While he was directing some angry words towards the monkey, a sailor walked in and took offence at Sailor Jerry's treatment of said beast. So Jerry told the sailor he could have him.
The monkey expressed its gratitude by immediately throwing up black ink all over the sailor's pristine white uniform.
Ashore thing
OUR story about MSP Margo MacDonald poking a little fun at Saltcoats, pictured, reminds Robert Forsyth: "I was standing in a queue at an ATM in Saltcoats in the summer and the man in front asked if I had seen the large cruise liner in the bay which was offloading passengers to enable them to do some shopping in Saltcoats.
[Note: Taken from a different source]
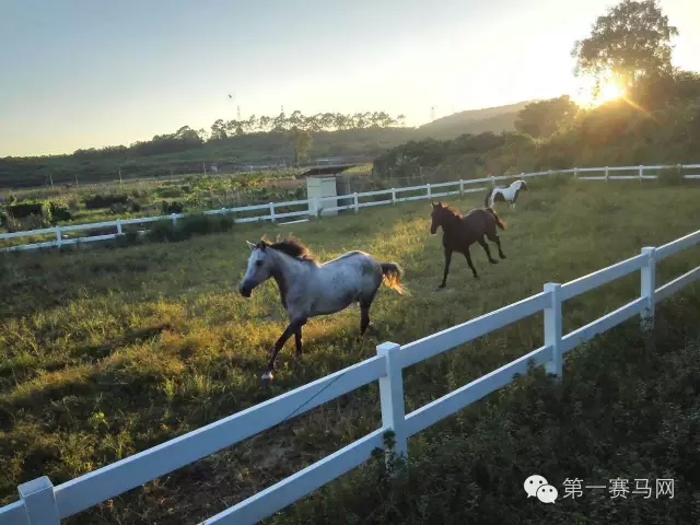 位于中山市的香山马会,夕阳西下,马儿在嬉戏追逐。
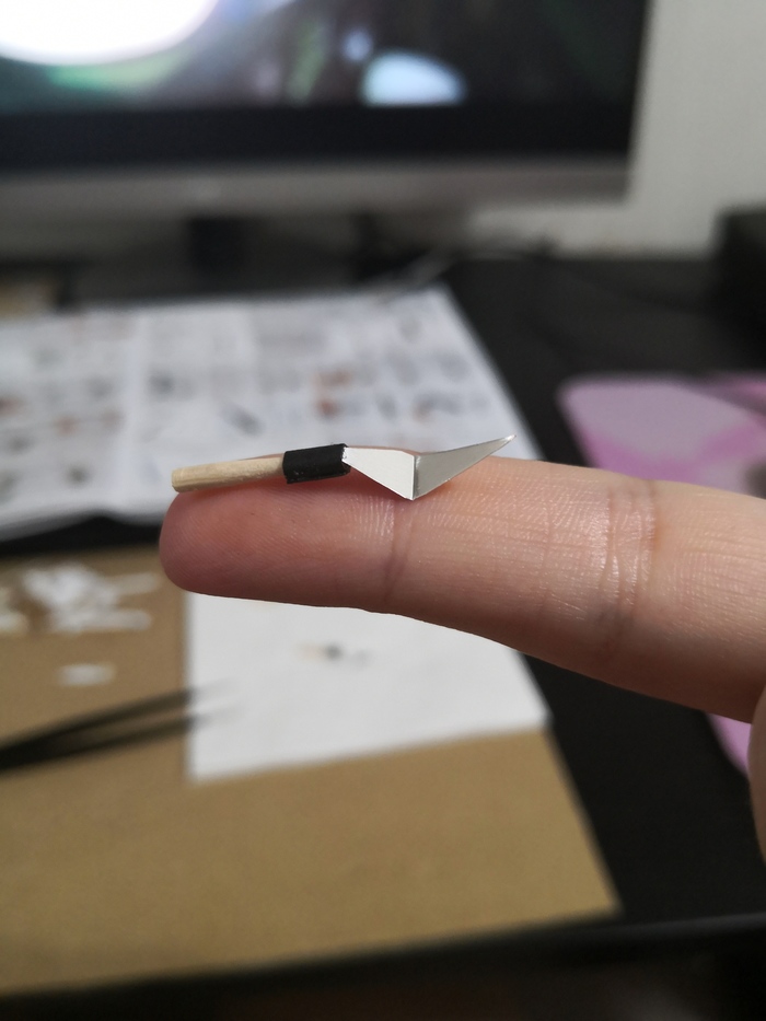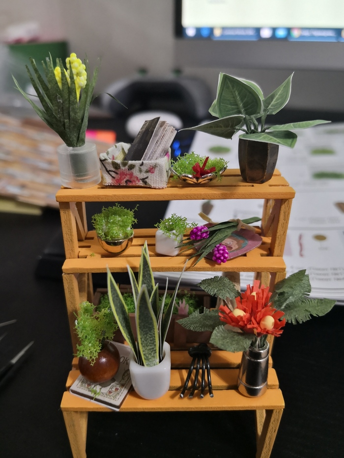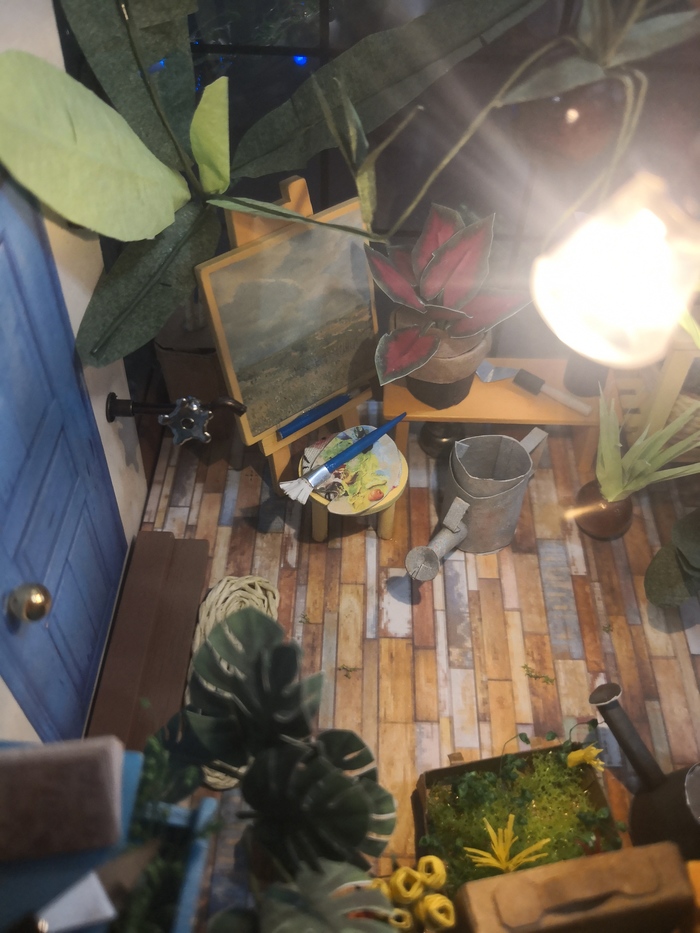 Все детали сделаны вручную, кроме деревянных - они склеены из маленьких деревянных. От лампочки провода уходят вниз под основание, с помощью мини-пульта можно вкл/выкл свет. Маркер для масштаба.

"True enough, there was a large ship but I heard later that it was anchored off Ardrossan to allow its passengers to travel on the CalMac ferry for a tour of Arran.
"Sadly, a more likely explanation, I thought."
Well named
"In these trying times, it is cheering to note that the chief executive of the Royal Society for the Prevention of Accidents is one Tom Mullarkey," says reader Ken Nicholson of Glasgow.
Divine inspiration
A READER at church on Sunday was told a tale of the two friends discussing whether it would be all right to smoke while praying.
To settle it, one asked the priest who said no, it would be disrespectful.
But his pal said he had asked the wrong question, and so he went to the priest and asked: "May I pray while I smoke?"
To which the priest replied: "By all means. You can always pray whenever you want to."